For patients who have node‐negative disease after SLNBx and fall in the Stage I and Stage II range, having an additional biologic prognosticator, to be used with or without further probabilistic predictors, may allow both the development and more rational use of new adjuvant drugs in the subset of high‐risk node‐negative patients. This population gives rise to the majority of melanoma deaths among patients presenting with early‐stage disease.
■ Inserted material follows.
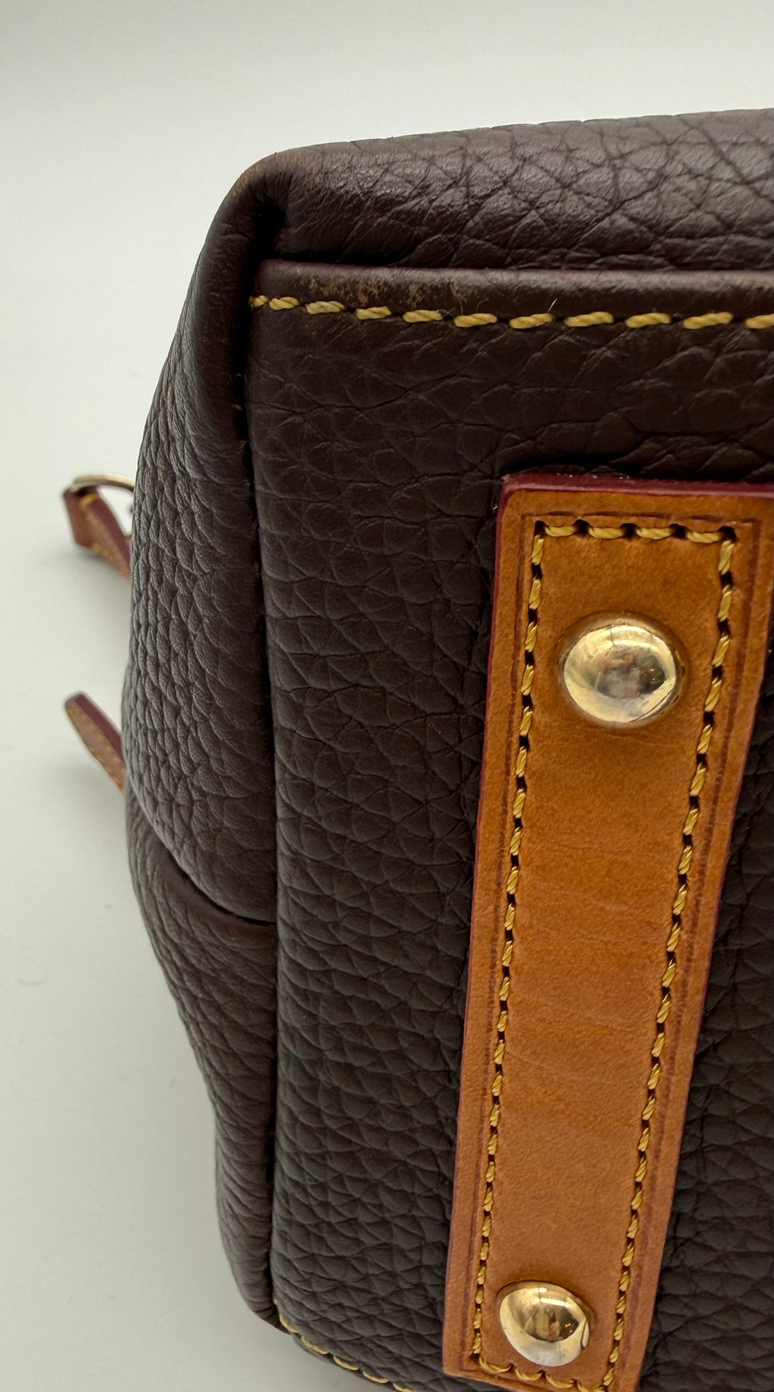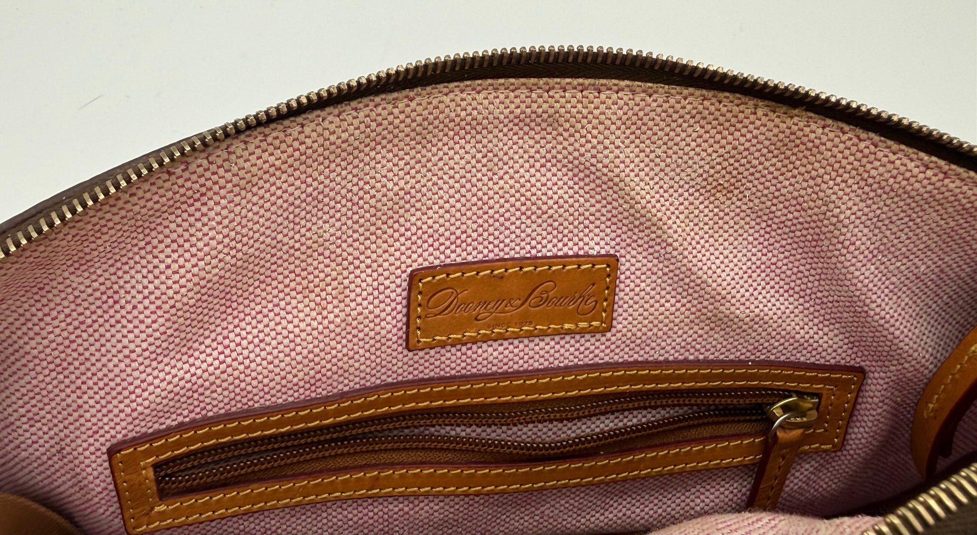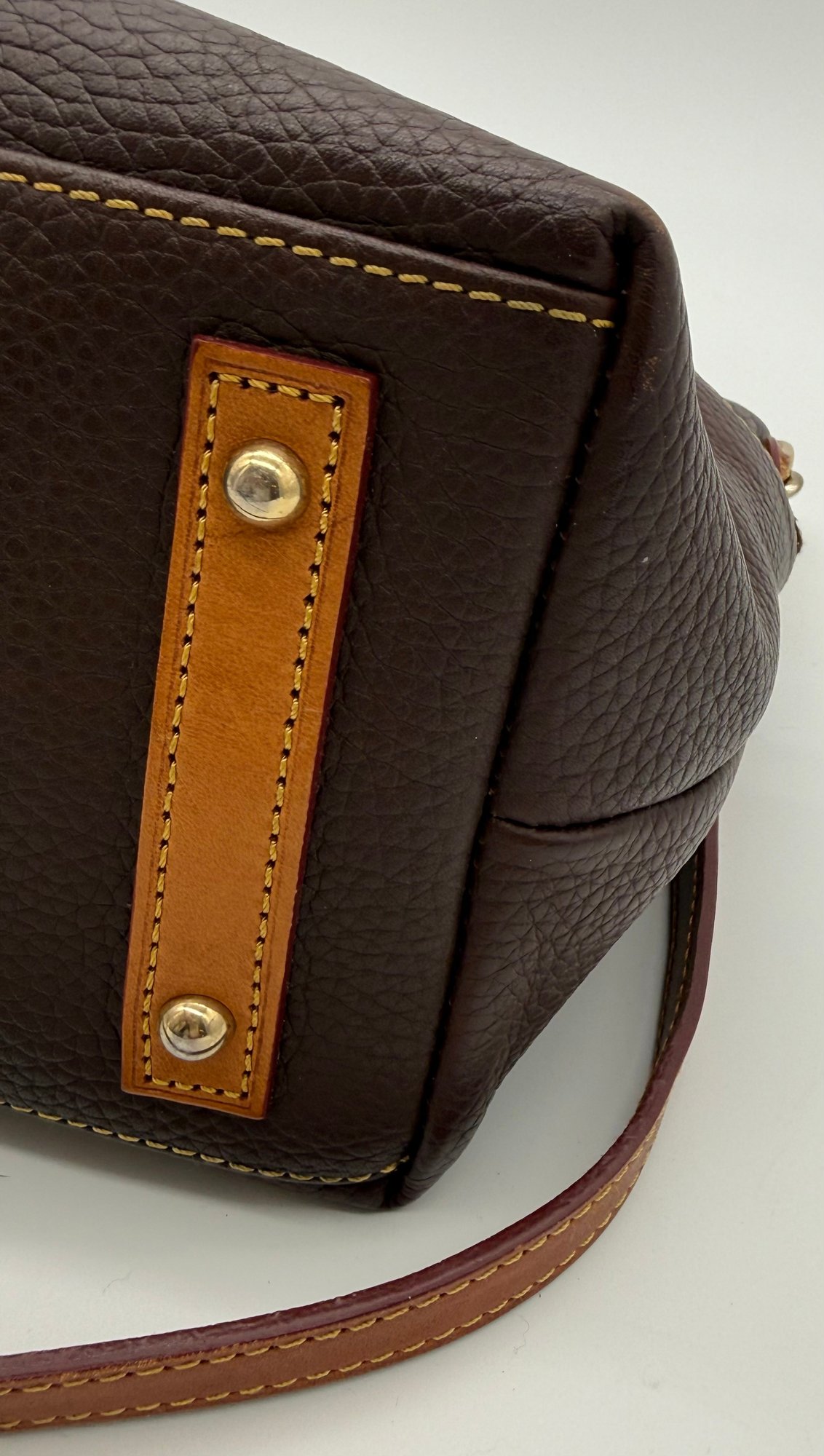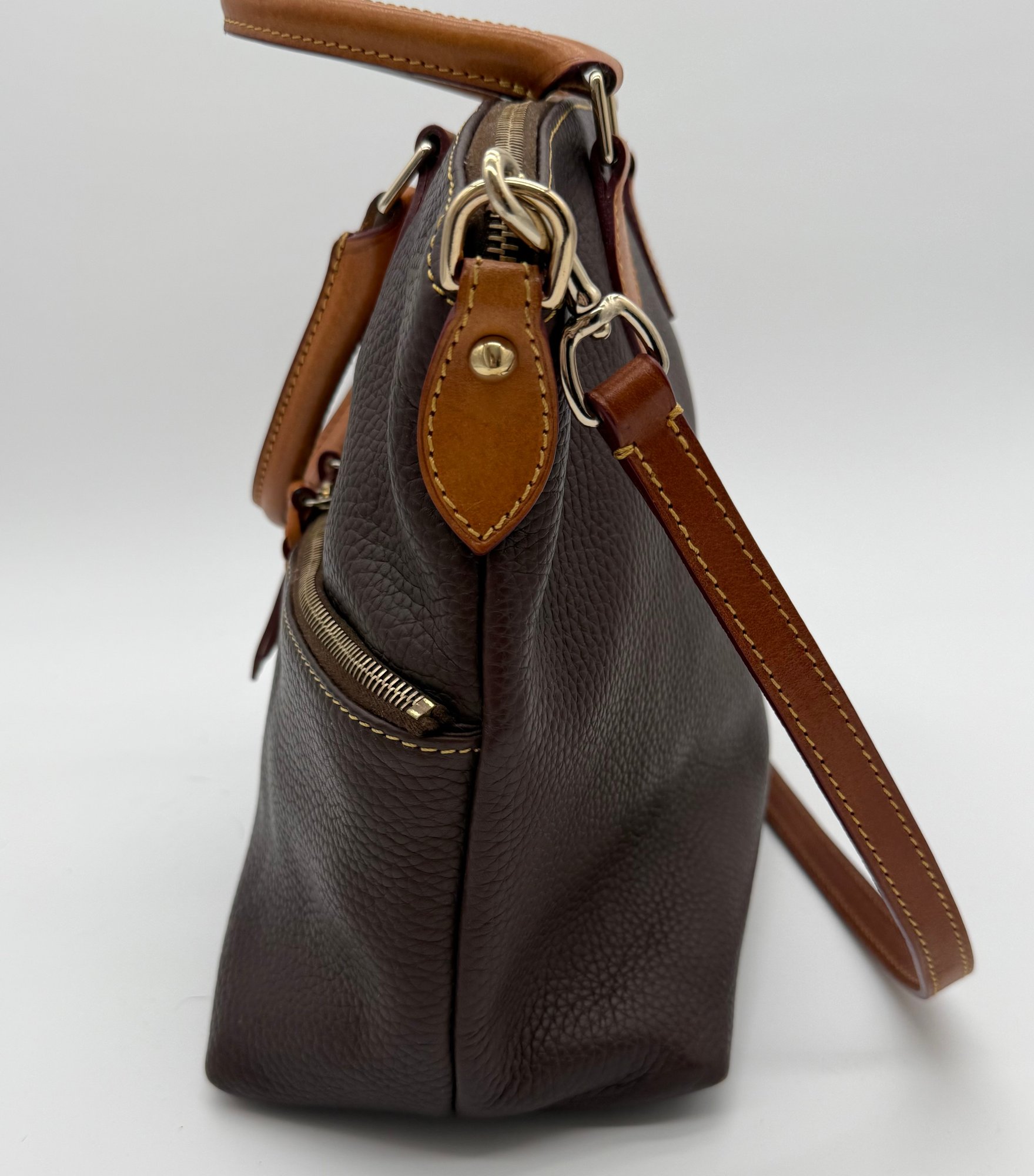 The lot features a beautiful Dooney & Bourke Dark Brown Leather tote adorned with the iconic goldtoned duck logo plate on the front.

Clearly there needs to be more development and integration of predictive biomarkers and/or biomarker panels for therapeutic decision‐making in early stage melanoma. The ability to precisely assess and target risk of recurrence is at the core of precision medicine and is critical to take full advantage of the evolving tools to treat malignant cutaneous melanoma.

CONCLUSIONS

Robust biomarker panels offer an opportunity to better understand the underlying biology of early stage melanomas leading to better treatment decisions and outcomes. Such biomarker panels may also help patients avoid unnecessary anxiety, treatment toxicity, and cost. To date, there are few drug/biomarker combinations that provide sufficient predictive value to allow individualized choice of treatment, but this is beginning to change. Biomarker discovery and panel validation must become a standard part of investigative study conduct and should lead to increasing clinical utility as part of the standard clinical care of early and late stage cutaneous melanoma in the years to come.

CONFLICTS OF INTEREST

DMH, Castle Biosciences (Speakers’ Bureau), Genomic Health (Speakers’ Bureau, Consultant), Exact Sciences (Consultant); RC, Castle Biosciences (Employee, Shareholder); AB, there are no conflicts of conflicts of interest.

SYNOPSIS

Current clinical and pathologic staging systems provide an incomplete description of risk for patients with cutaneous melanoma. Understanding a patient’s true biologic risk is important for selecting the most appropriate surveillance and therapeutic strategies. Biomarker assessment provides a window into tumor cell biology that may enhance the management of melanoma patients.